- Supplied material
+ + +
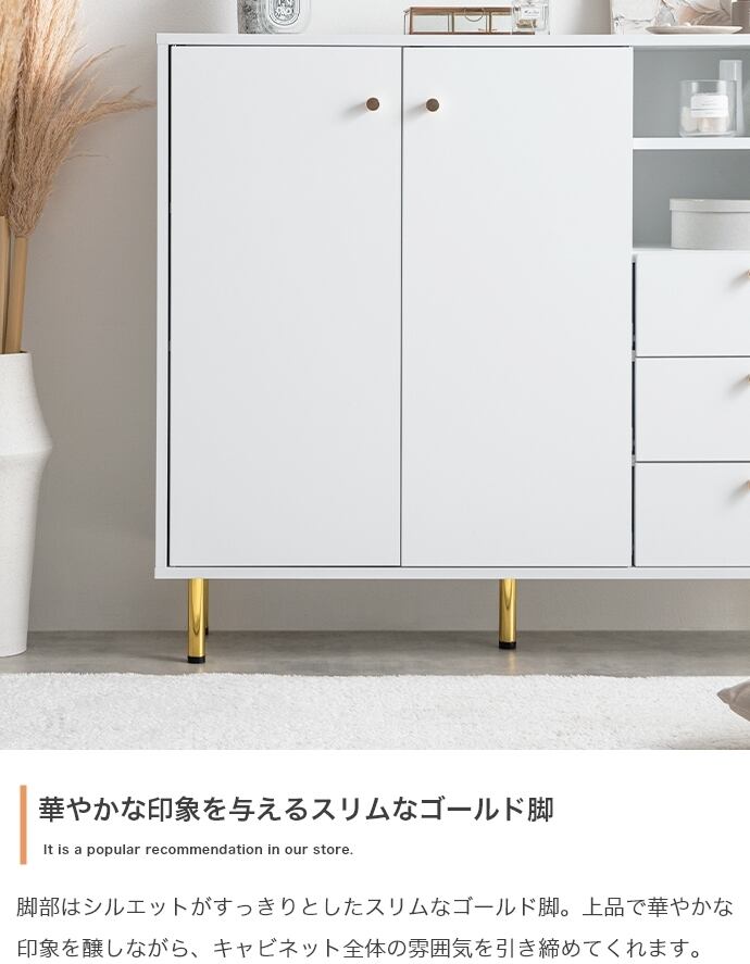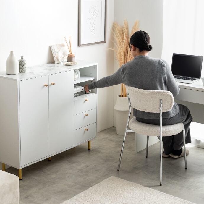 天板の大理石柄とゴールドのあしらいが特徴のキャビネット。
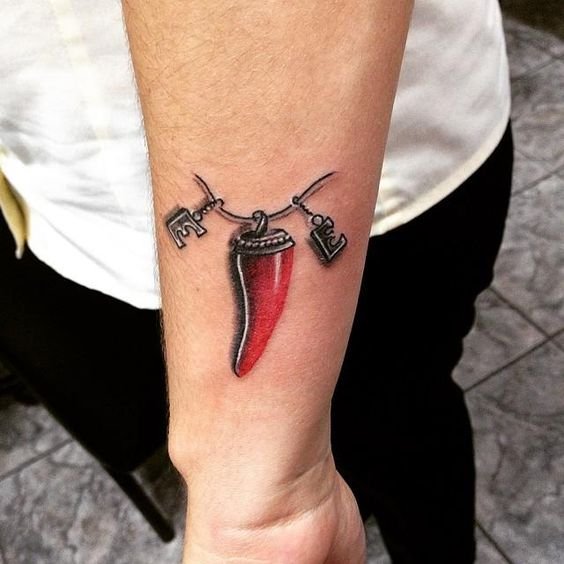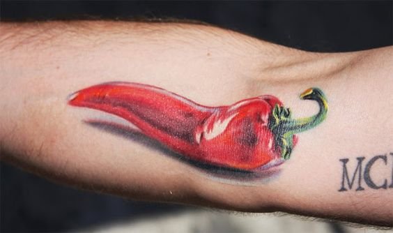 - Antebrazo. Esta zona es perfecta para un tatuaje de tamaño medio. Aquí puedes colocar una imagen detallada o una versión estilizada del pimiento.
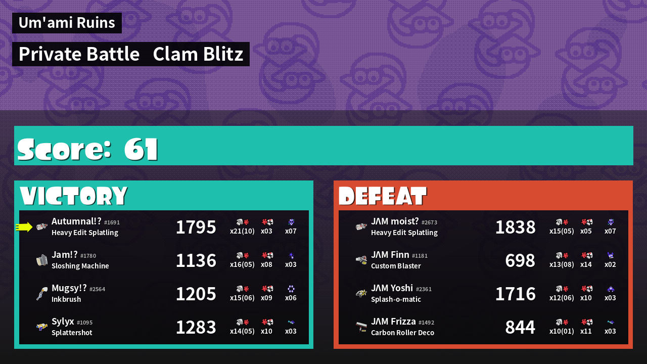 Kills / Deaths | 11 + 10 / 3 > Kill Ratio: 3.67 | ||
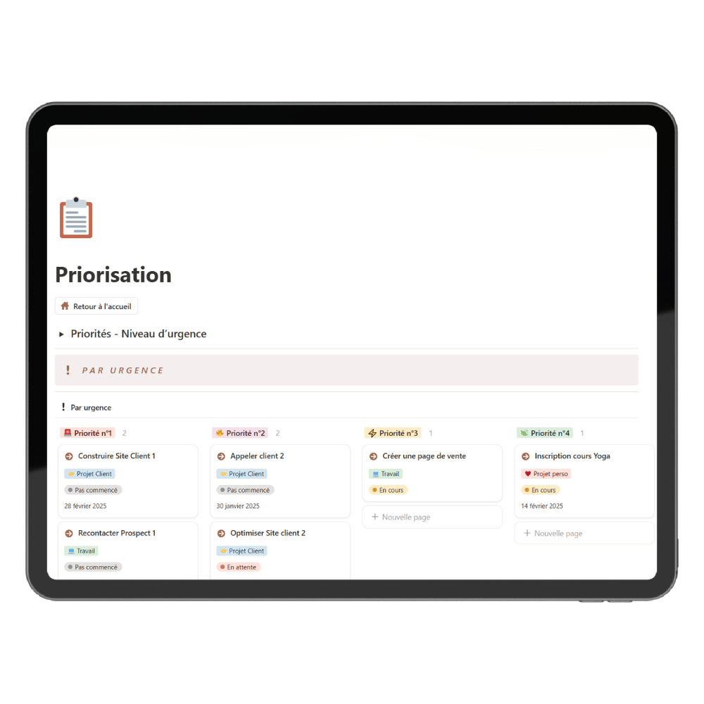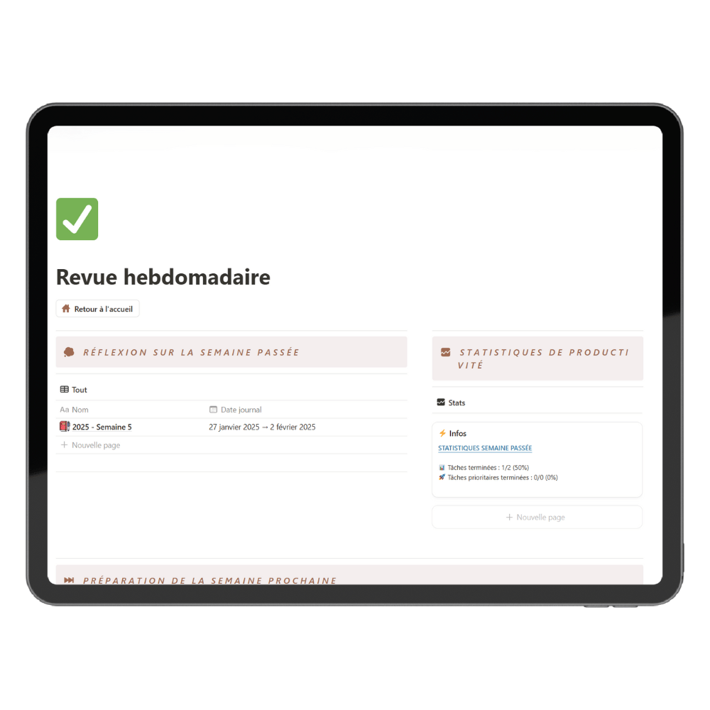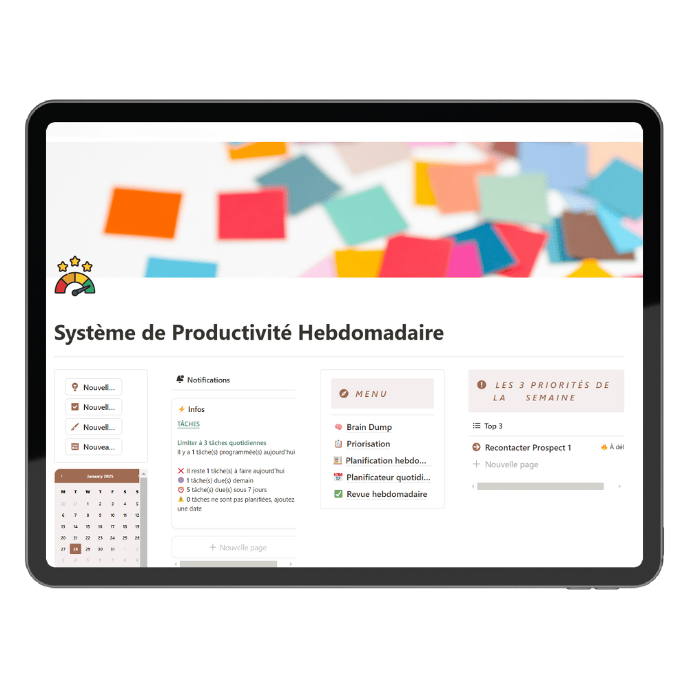Un template Notion professionnel qui transforme votre organisation du brain dump à la revue hebdomadaire.
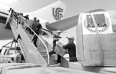 中国政府无偿援助海地地震灾区的第三批物资于当地时间8日上午11时运抵太子港国际机场。至此,中国承诺的价值3000万元人民币的人道主义赈灾物资已全部运抵海地。新华社发(华金·莫雷利摄)
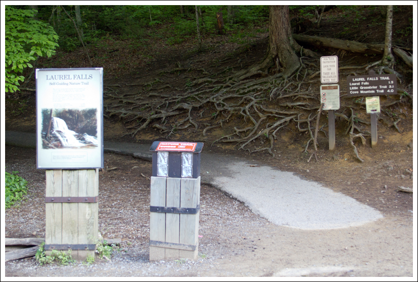 Directions to trailhead: Past the Sugarlands Visitor Center, take the Little River Road for 3.5 miles until you see signs for the falls. Parking was available on both sides of the road.
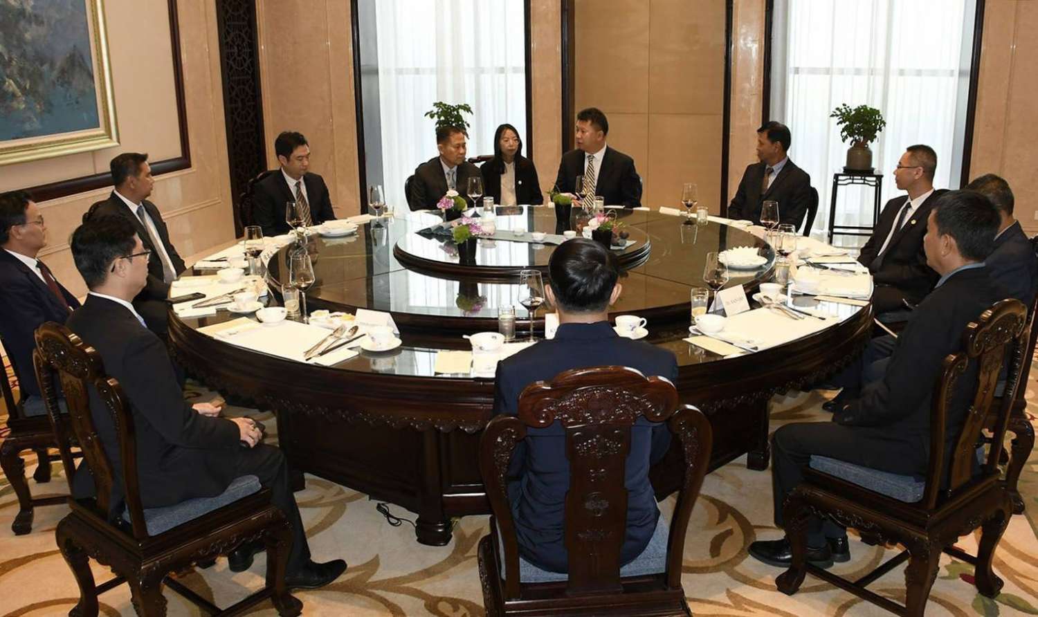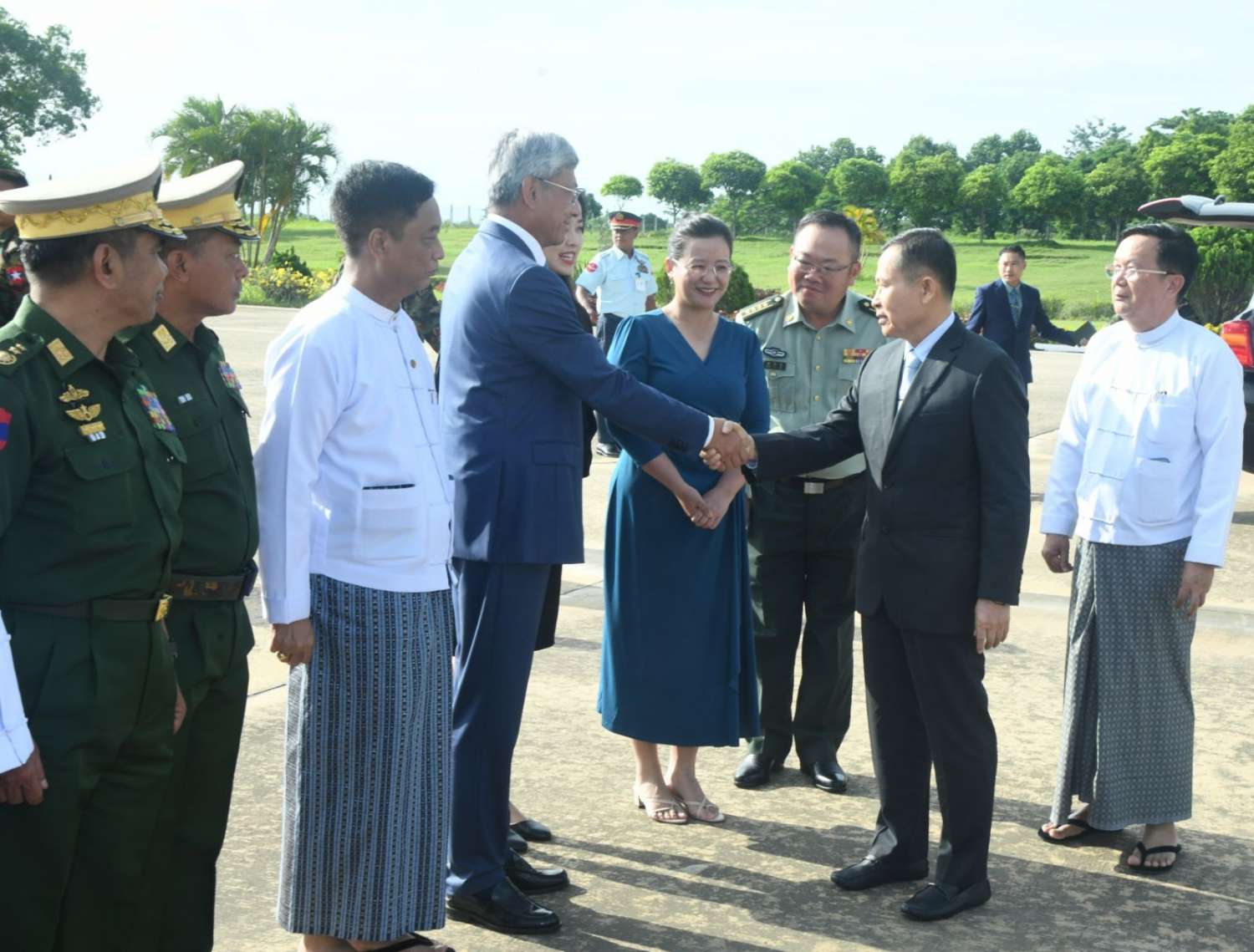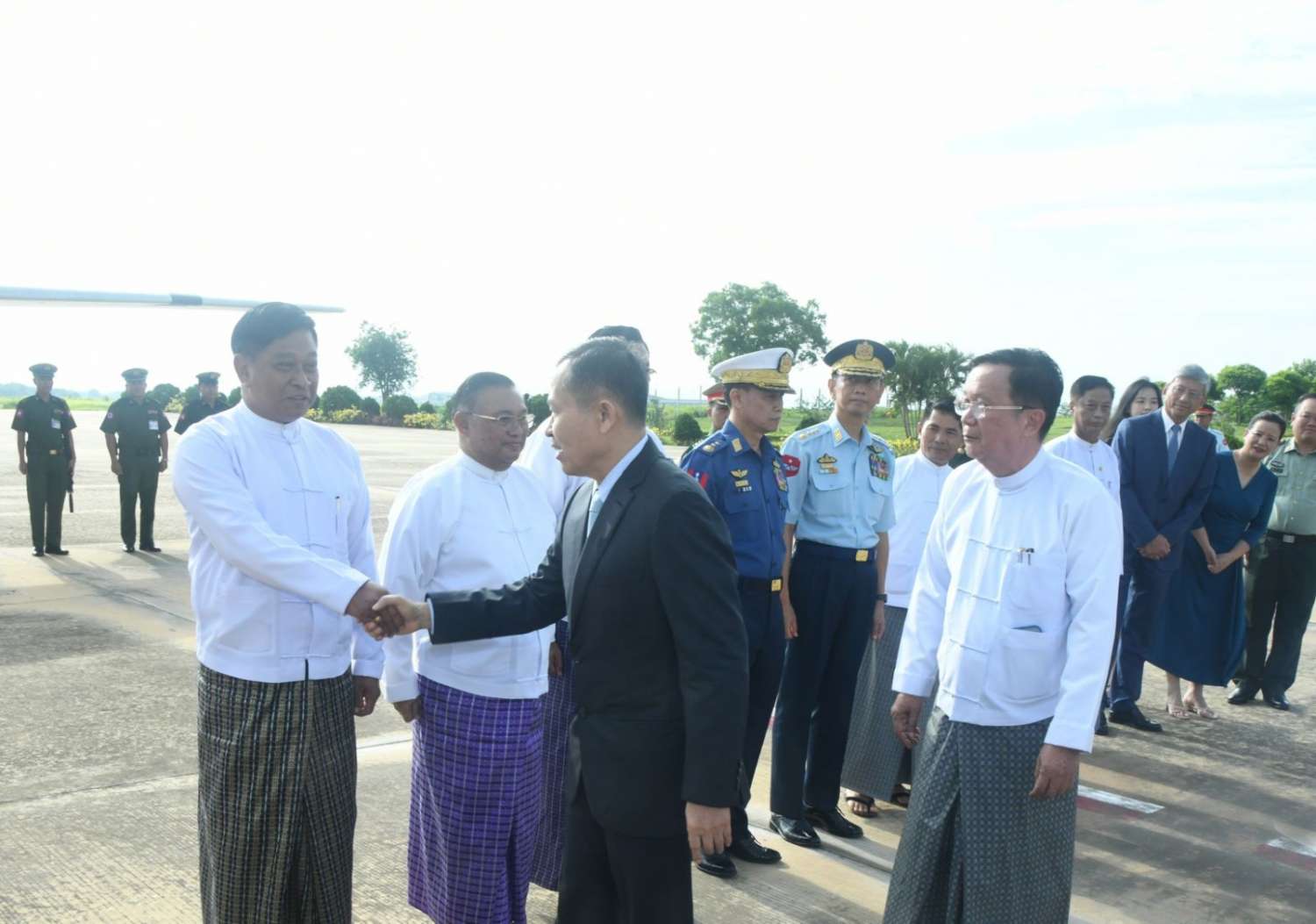 နိုင်ငံတော်စီမံအုပ်ချုပ်ရေးကောင်စီဒုတိယဥက္ကဋ္ဌ ဒုတိယဝန်ကြီးချုပ်ဦးဆောင်သော မြန်မာကိုယ်စားလှယ်အဖွဲ့သည် ကူမင်းမြို့သို့ရောက်ရှိစဉ် ယူနန်ပြည်နယ် ဒုတိယအုပ်ချုပ်ရေးမှူး မစ္စတာဝမ်းဟောင် (Mr.Wang Hao) က အပြည်ပြည်ဆိုင်ရာ လေဆိပ်အထူးဧည့်ခန်းမ၌ လာရောက်တွေ့ဆုံနှုတ်ဆက်သည်။
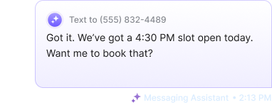 Voice Assistant answers calls with a friendly, natural-sounding AI that qualifies and schedules appointments.
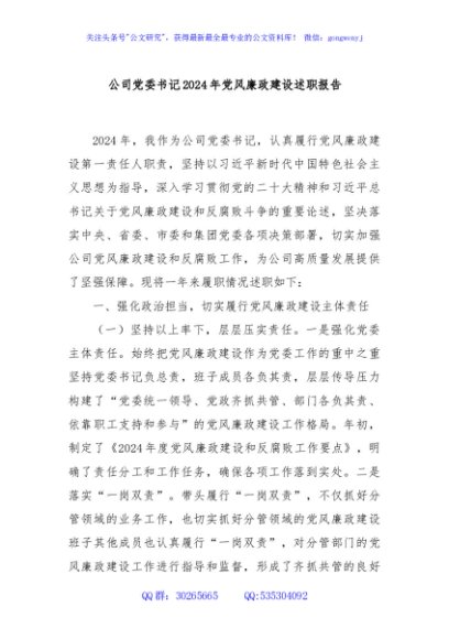 / 公司党委书记2024年党风廉政建设述职报告
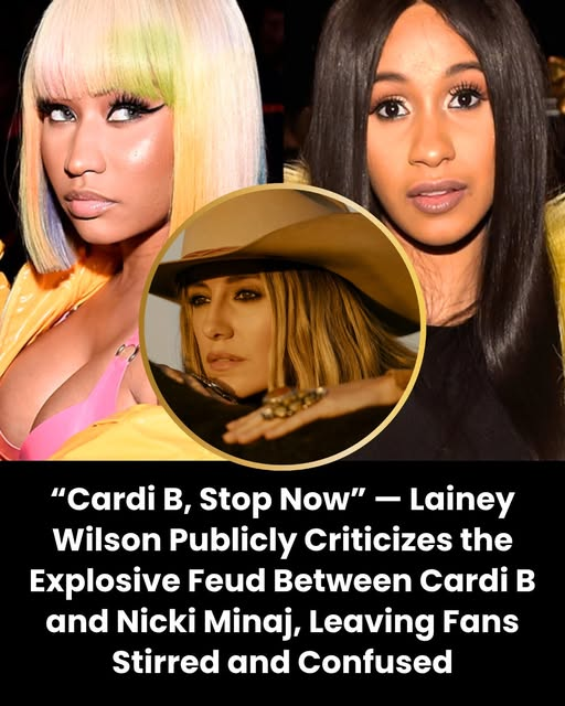 P1.“Cardi B, stop it right now” — Lainey Wilson publicly calls out the explosive feud between Cardi B and Nicki Minaj, leaving fans both thrilled and confused.P1
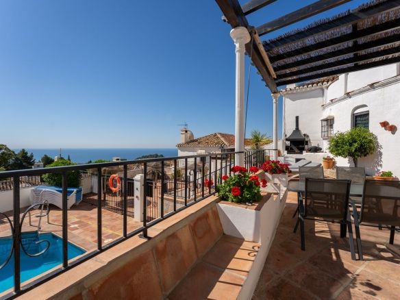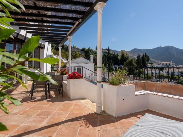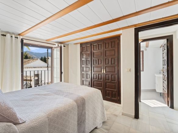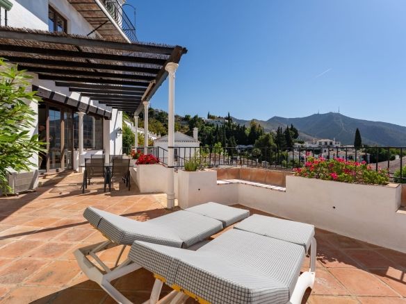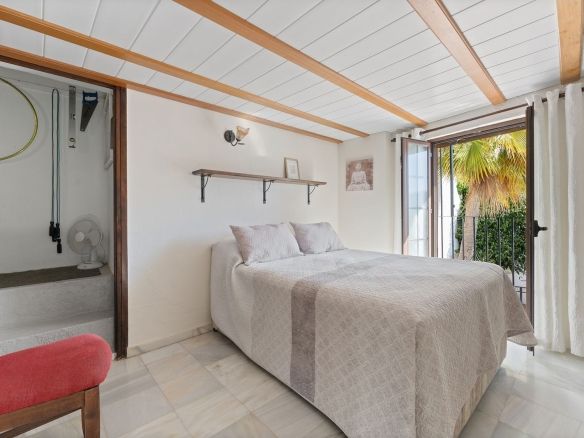 Dream of sipping your morning coffee while the Mediterranean shimmers in front of you? Step onto the 25 m², south-facing terrace of this Nuevo Pueblo townhouse and that’s exactly the start to every day. The space is wide enough for dining and lounging zones, fitted with a built-in stone barbeque, and—best of all—has its own gate that swings straight onto the communal pool deck, so the kids (or the sangria) never have far to travel. From here the sea stretches blue to the horizon, a view shared by the living room thanks to wall-to-wall patio doors.
+ + +
- About this task
Exact copy, pictures excluded: every line above from the one containing "Un template Notion" to the one containing "中国政府无偿援助海地地震灾区", inclusive, and nothing more.

- Exercise result
Un template Notion professionnel qui transforme votre organisation du brain dump à la revue hebdomadaire.
 中国政府无偿援助海地地震灾区的第三批物资于当地时间8日上午11时运抵太子港国际机场。至此,中国承诺的价值3000万元人民币的人道主义赈灾物资已全部运抵海地。新华社发(华金·莫雷利摄)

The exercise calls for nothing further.